RFI most often occurs when: 1) the officer is parked next to a strong RFI source (e.g. power lines or a radio station antenna.), 2) the radar unit’s power source has been wired without RFI shielding, or 3) the radar unit’s antenna wiring is bundled too closely to the wires carrying RFI sources such as the stereo’s power source, the CB radio’s power source or the antenna. A complete tracking history will normally allow an officer to detect RFI signals.
Improper Radar Antenna Mounting
The fan blades of a police cruiser’s AC unit or heater can produce a radar signal of approximately 15 to 45 mph. This most often occurs when the radar antenna is mounted with the antenna pointing across a defrosting fan vent.
The radar antenna should be securely fastened to the cruiser’s dashboard and never point directly across the radar’s counting unit or across defrosting vents. Fan vents and the counting unit can cause abnormal readings, especially when no stronger signals are around. Correct mounting and a complete tracking history will help prevent false readings caused by these types of errors. An officer should also test the radar unit by pointing the antennas along an empty road, turning the fan on high and turning up the radar unit’s sensitivity. If a false signal is produced then the antennas’ mountings should be inspected.
Weather conditions such as precipitation, temperature, and humidity can limit the range of radar and contribute to false readings. This most often occurs when there is water, ice, or snow on the road surface and when the officer is operating in moving mode or in a place where harmonic signal interference is more likely.
Because of these issues the Virginia State Police are instructed not to operate radar (or lidar) when there is any measureable precipitation.
Law enforcement officers should calibrate their radar units at the beginning and end of each shift. Radar units are calibrated by using special tuning forks. The tuning forks are calibrated every six months and produce a frequency that is equivalent to the Doppler frequency of a target moving at a very specific speed (usually 35 or 65 mph).
To perform the test, an officer puts the radar unit in test mode and strikes the tuning fork.
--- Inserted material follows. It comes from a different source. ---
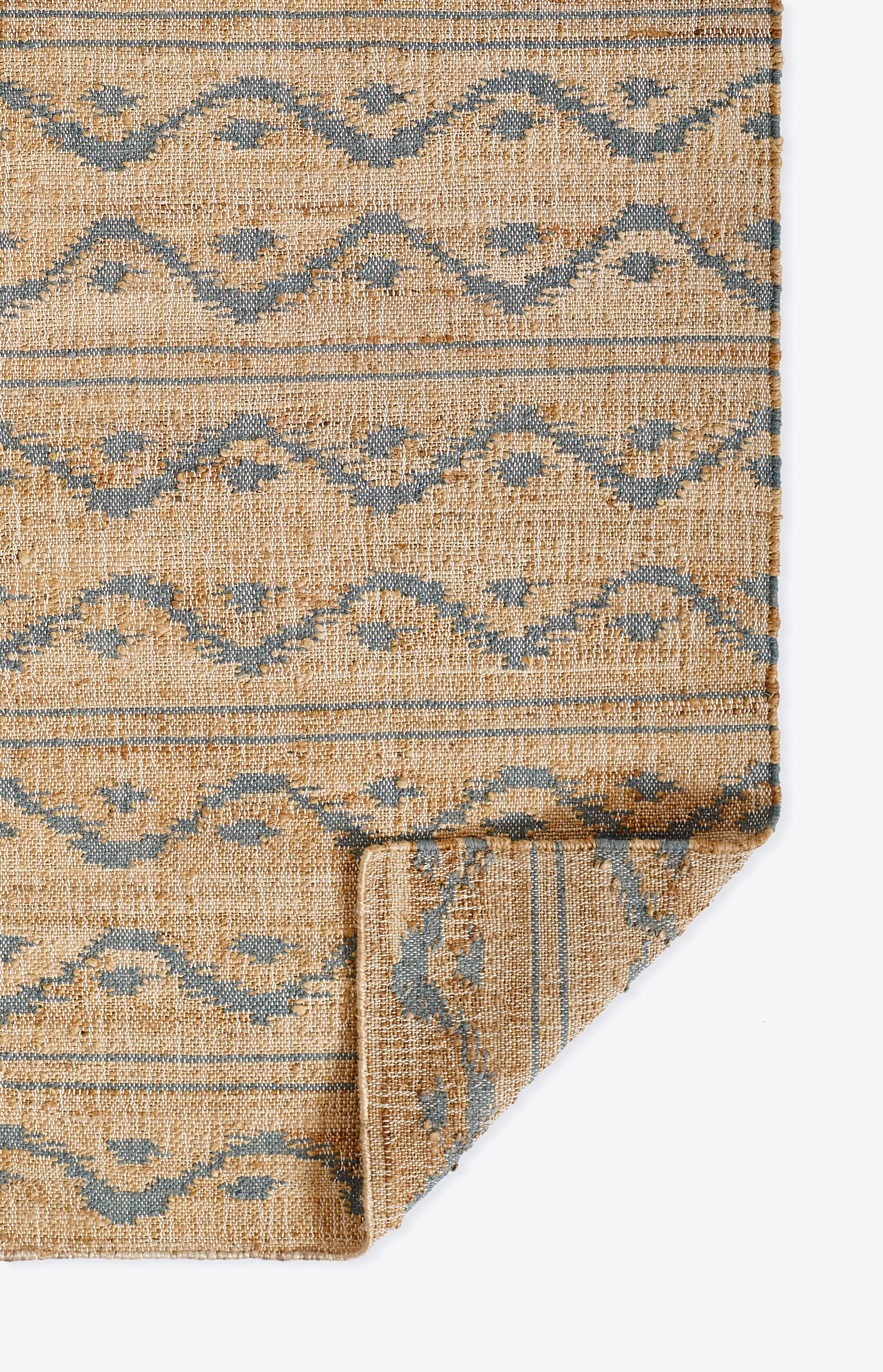 This beautifully handwoven jute and wool rug is brought to you from the Orchard Collection by Erin Gates. With an ebbed pattern reminiscent of the tide coming and leaving the shoreline, and a soft blue contrasting color against the natural jute, you will truly feel a sense of serenity and flow from this rug.

The officer then places the fork inches away from the radar antenna and verifies that the device is accurate to within one mph.
For use in moving mode, the officer must test the radar unit with both tuning forks simultaneously and then again separately. Each device comes with its own individual set of tuning forks. Different radar devices may use different radar frequencies so the tuning forks from different radar devices may not be interchangeable.
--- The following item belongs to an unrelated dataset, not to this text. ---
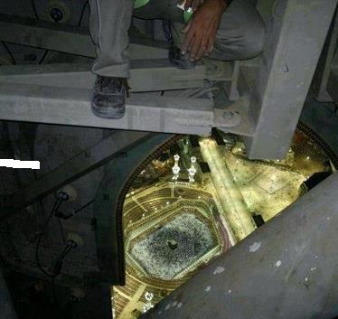 در همین راستا طی چند روز اخیر تصویری از بالاترین طبقه یکی از این برج ها گرفته شده و در رسانه ها و سایت های اجتماعی جهان عرب منتشر شده که بسیار تأثیر گذار و ناراحت کننده بود و عمق جنایت آل سعود به خانه خدا را نشان می دهد.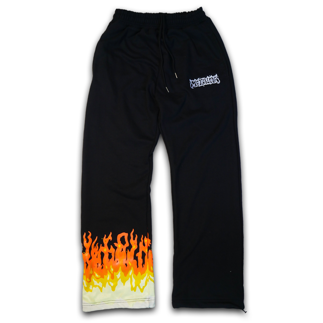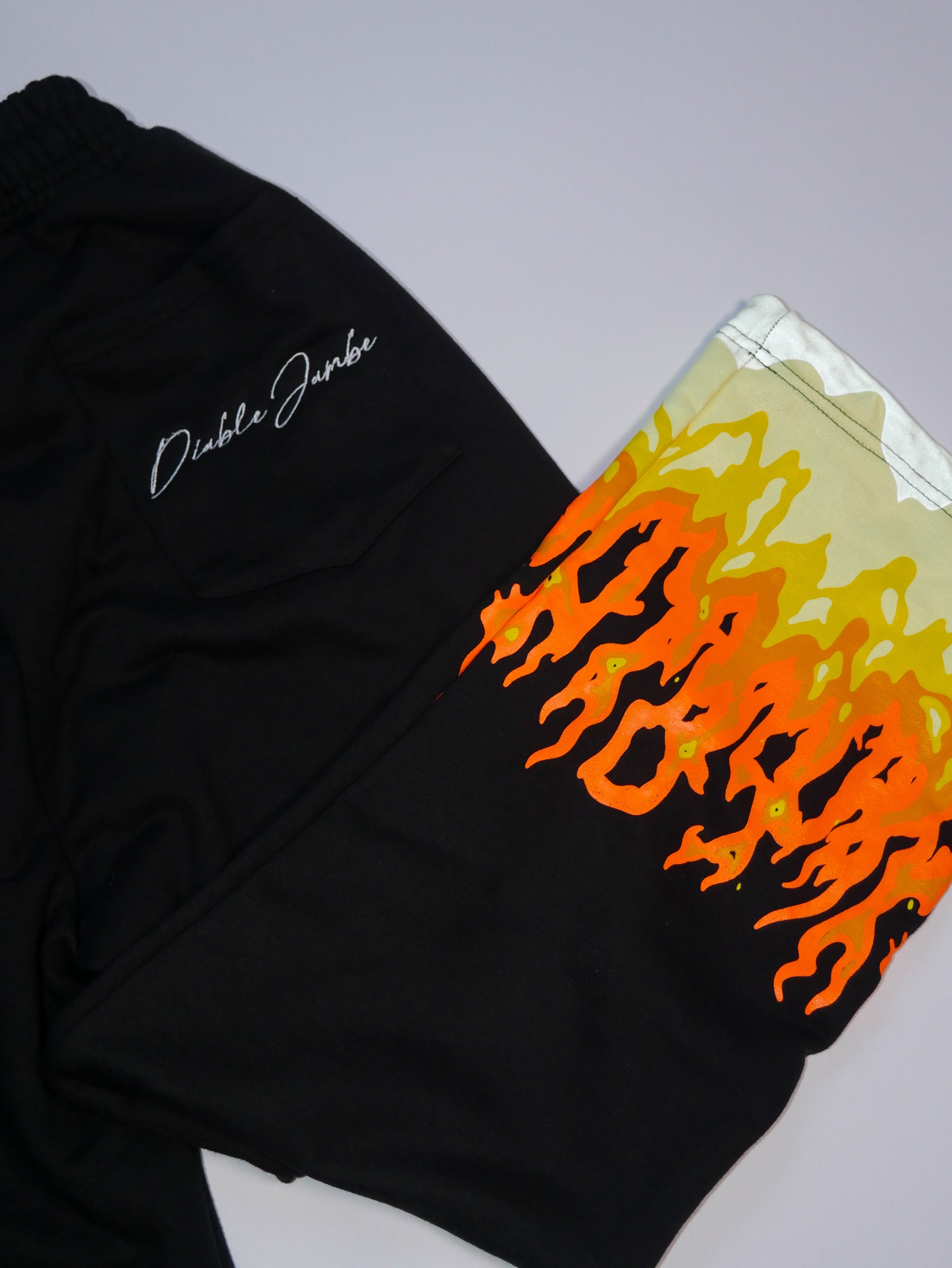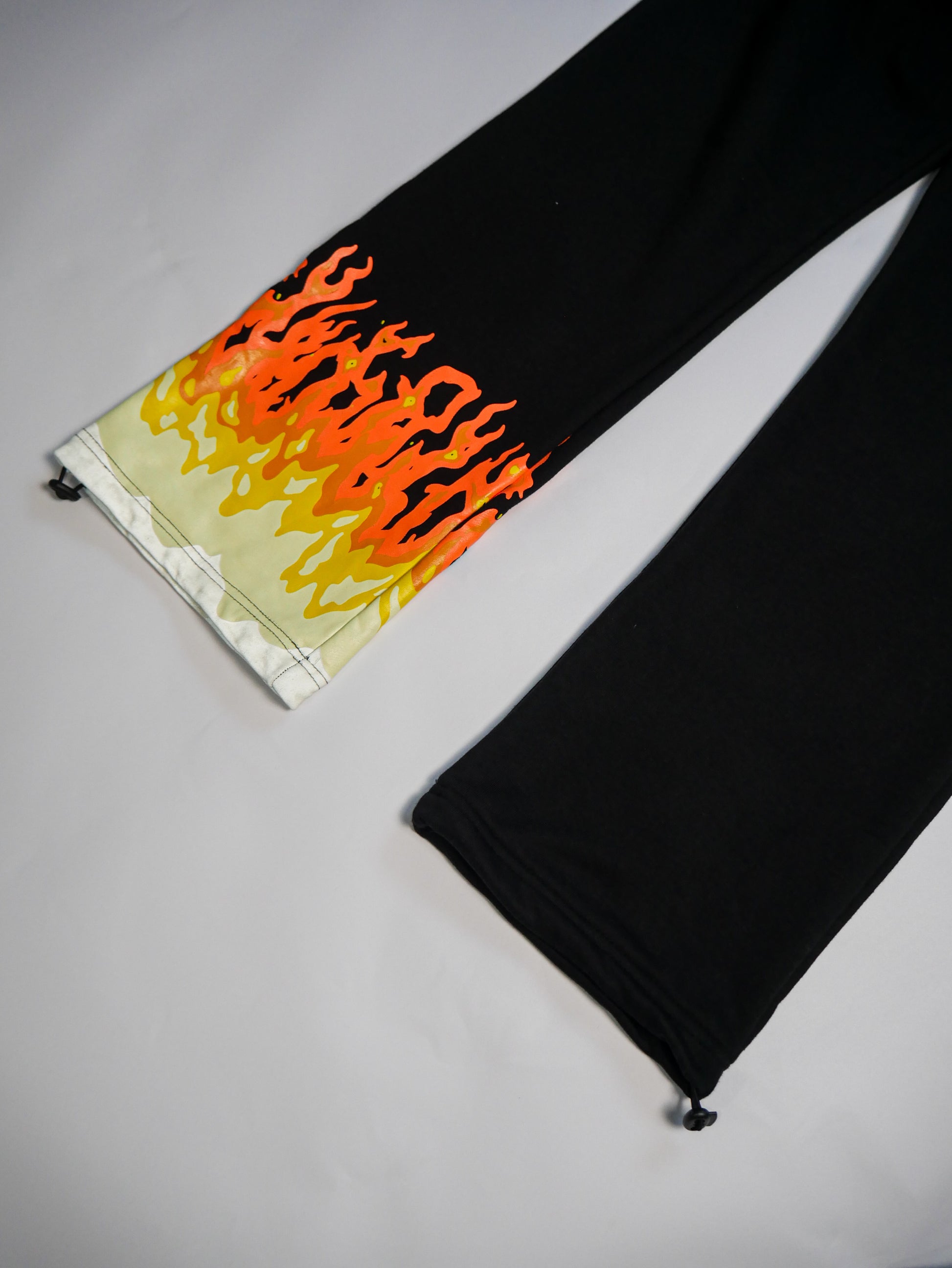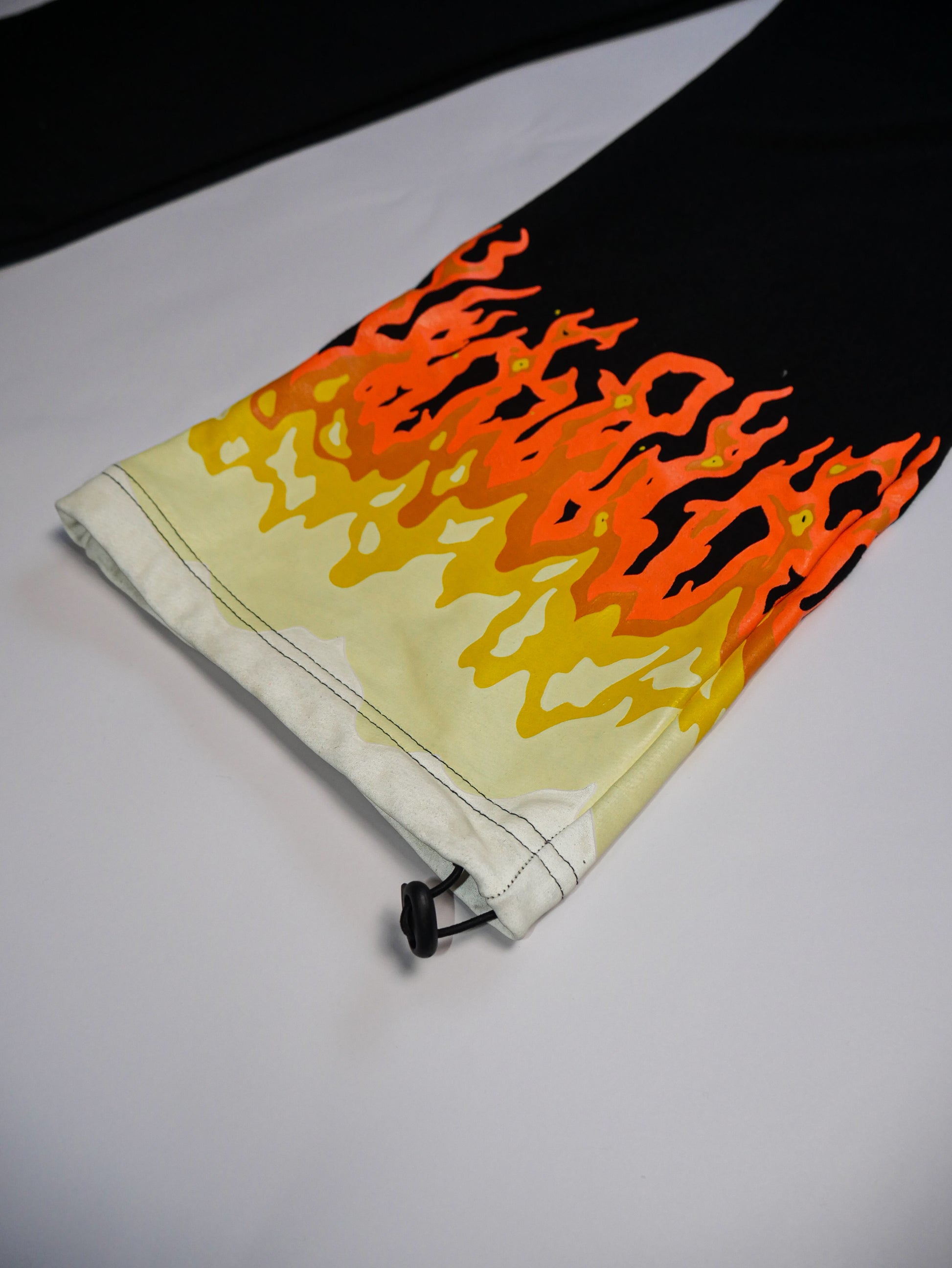 - Fiery orange-to-yellow flame embroidery at the hem—bold gradient flames that POP against the sleek black base

Every six months, officers are required to calibrate their tuning forks. Radar tuning fork calibration is done at laboratories here in Virginia. Each tuning fork should be accurate to plus-or-minus one mph and the radar unit must agree with the tuning fork within plus-or-minus one mph. Thus, the tolerance for a radar unit is plus-or-minus two mph when in stationary mode and plus-or-minus three mph in moving mode. (The speed measurement is a sum of the radar’s ground speed and relative target speed which both have a tolerance of plus-or-minus one mph).
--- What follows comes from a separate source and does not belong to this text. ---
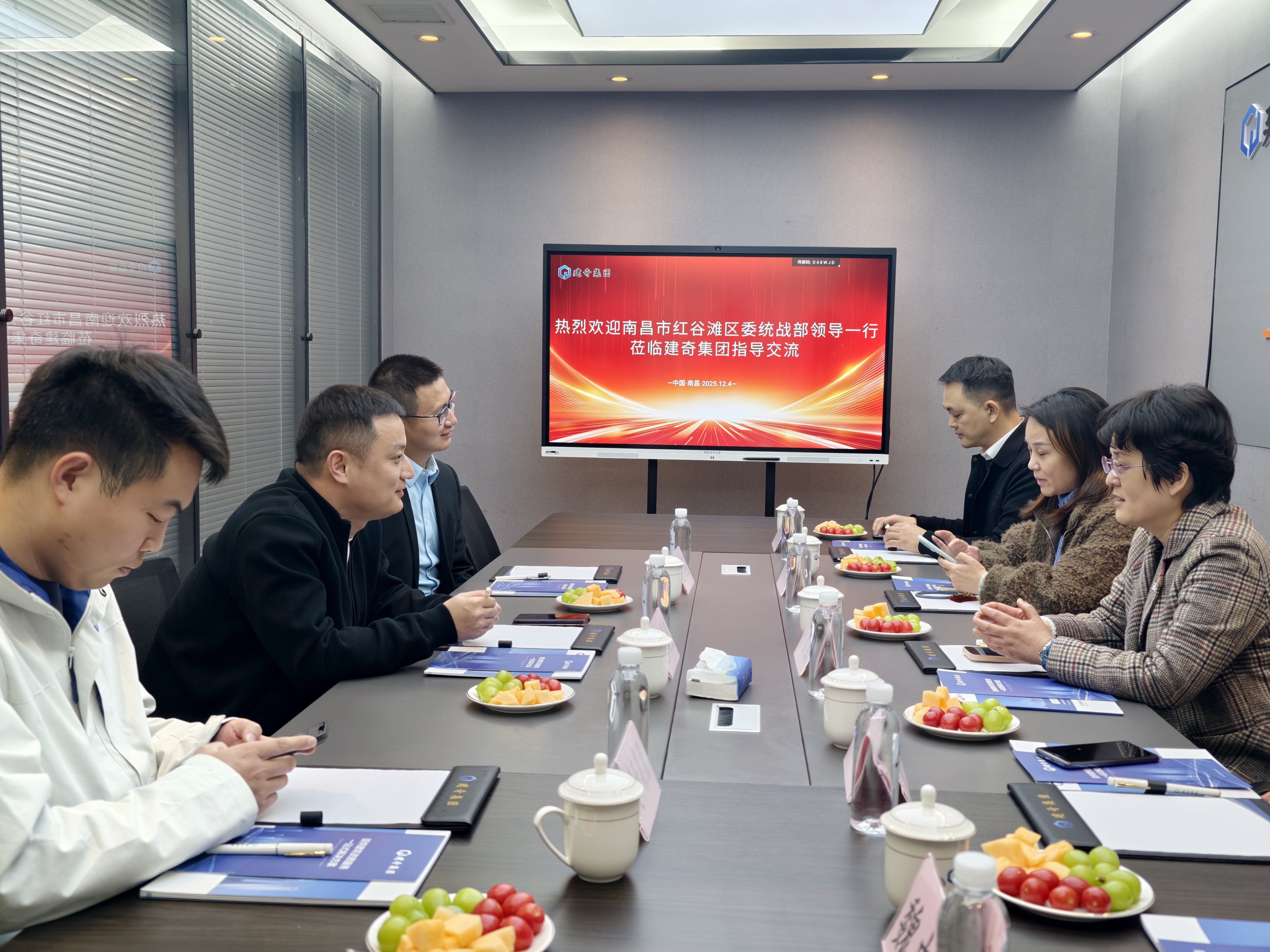 2025年12月4日下午,红谷滩区委统战部副部长、工商联党组书记孙圆圆,区委统战部副部长周则河、区新的社会阶层人士联谊会(简称“区新联会”)执行会长魏忠、监事长陆雅嵋、秘书长施继军一行莅临集团走访指导,建奇集团董事长吴东携财务总监曾小伟、商务部经理邹秀涛热情接待,双方围绕企业发展现状、行业趋势及政企协同赋能等议题展开深入座谈。

The possession of devices used to thwart speed measurement devices is illegal in Virginia. In Virginia, some law enforcement officers have radar-detector detectors and patrol with these detectors to find and ticket people who are using radar or lidar detectors or jammers.
Simply having a radar detector in the car violates Virginia law, and the prosecution does not have to prove that the device was functional. The only legal way a person can have a radar detector is if the device is not connected to a power source and not readily accessible by the driver (e.g. it is kept in the trunk). The fine for possessing a radar detector is approximately $140. But sometimes, possession of a radar detector is also used to justify an elevated punishment in speed cases.